◆ BRIEF: Where the line containing "من ناحية أخرى" appears below, start there and repeat each line exactly to the end. Leave the pictures out.

◆ PROVIDED MATERIAL:
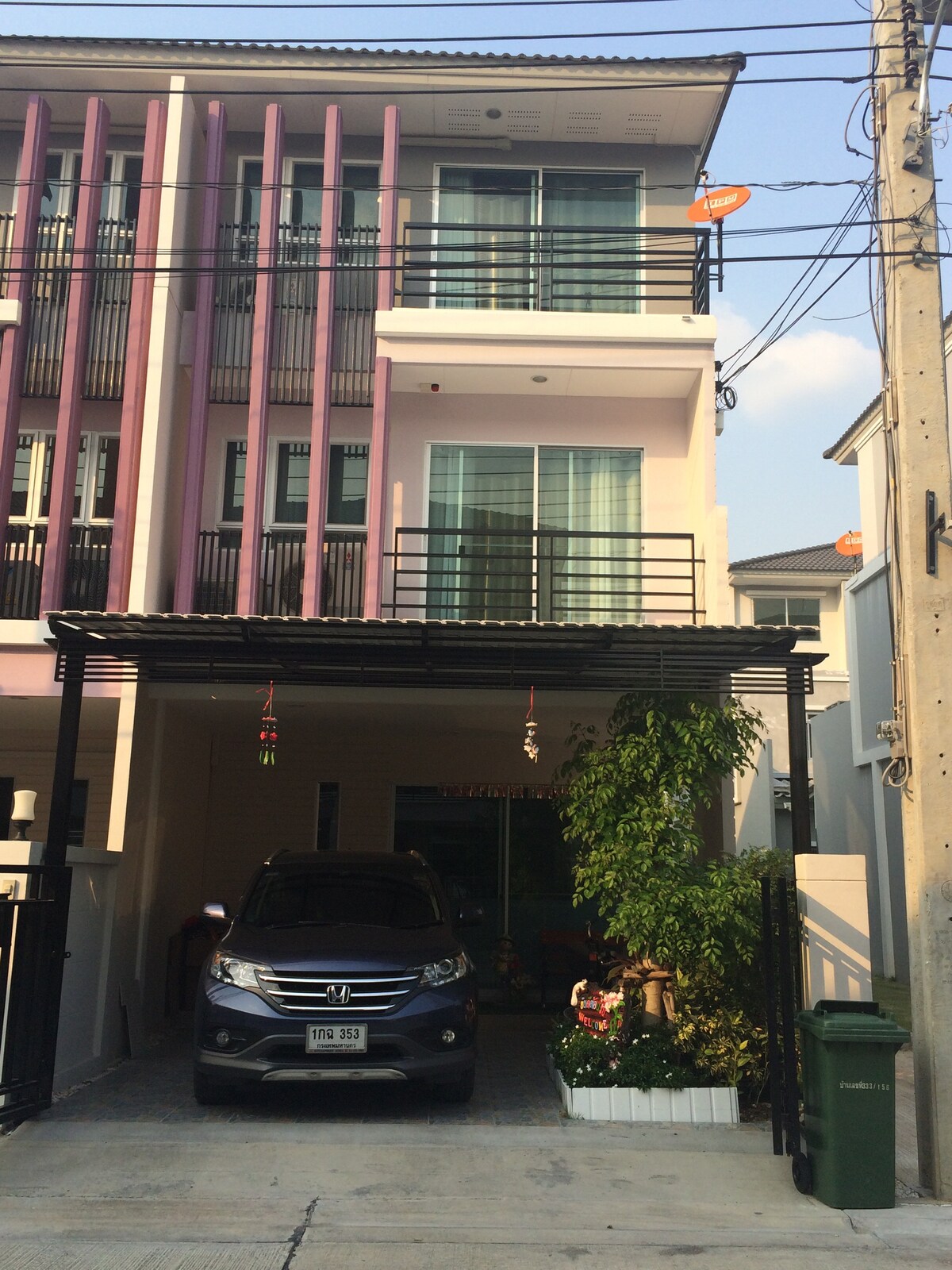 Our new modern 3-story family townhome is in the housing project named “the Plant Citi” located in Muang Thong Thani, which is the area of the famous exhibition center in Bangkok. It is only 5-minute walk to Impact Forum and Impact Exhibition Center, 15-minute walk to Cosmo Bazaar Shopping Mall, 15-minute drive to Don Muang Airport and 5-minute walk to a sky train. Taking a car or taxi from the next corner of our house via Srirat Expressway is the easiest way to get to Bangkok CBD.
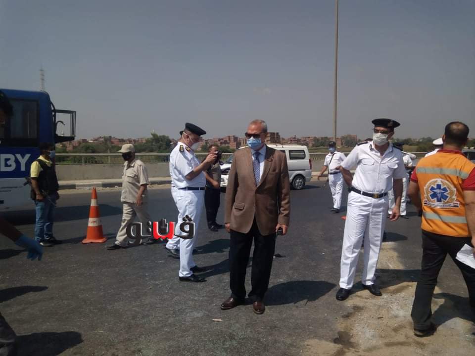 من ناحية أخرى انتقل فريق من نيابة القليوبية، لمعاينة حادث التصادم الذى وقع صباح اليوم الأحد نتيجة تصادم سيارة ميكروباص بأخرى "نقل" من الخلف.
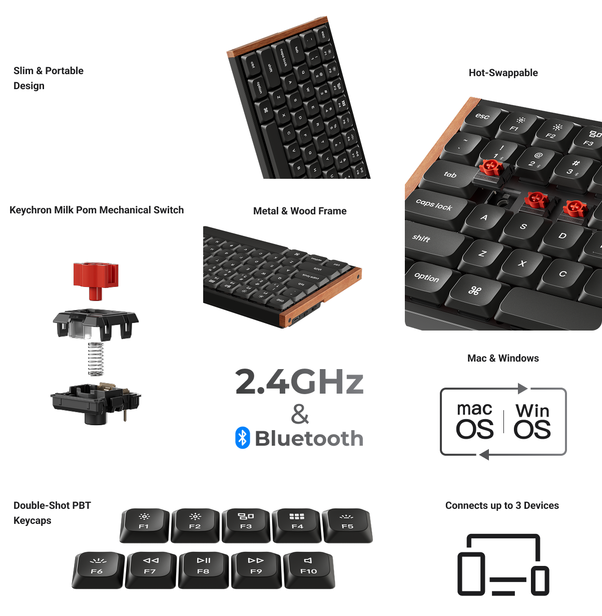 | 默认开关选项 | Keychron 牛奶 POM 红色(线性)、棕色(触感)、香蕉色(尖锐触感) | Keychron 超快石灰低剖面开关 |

◆ WRITTEN ANSWER:
 من ناحية أخرى انتقل فريق من نيابة القليوبية، لمعاينة حادث التصادم الذى وقع صباح اليوم الأحد نتيجة تصادم سيارة ميكروباص بأخرى "نقل" من الخلف.
 | 默认开关选项 | Keychron 牛奶 POM 红色(线性)、棕色(触感)、香蕉色(尖锐触感) | Keychron 超快石灰低剖面开关 |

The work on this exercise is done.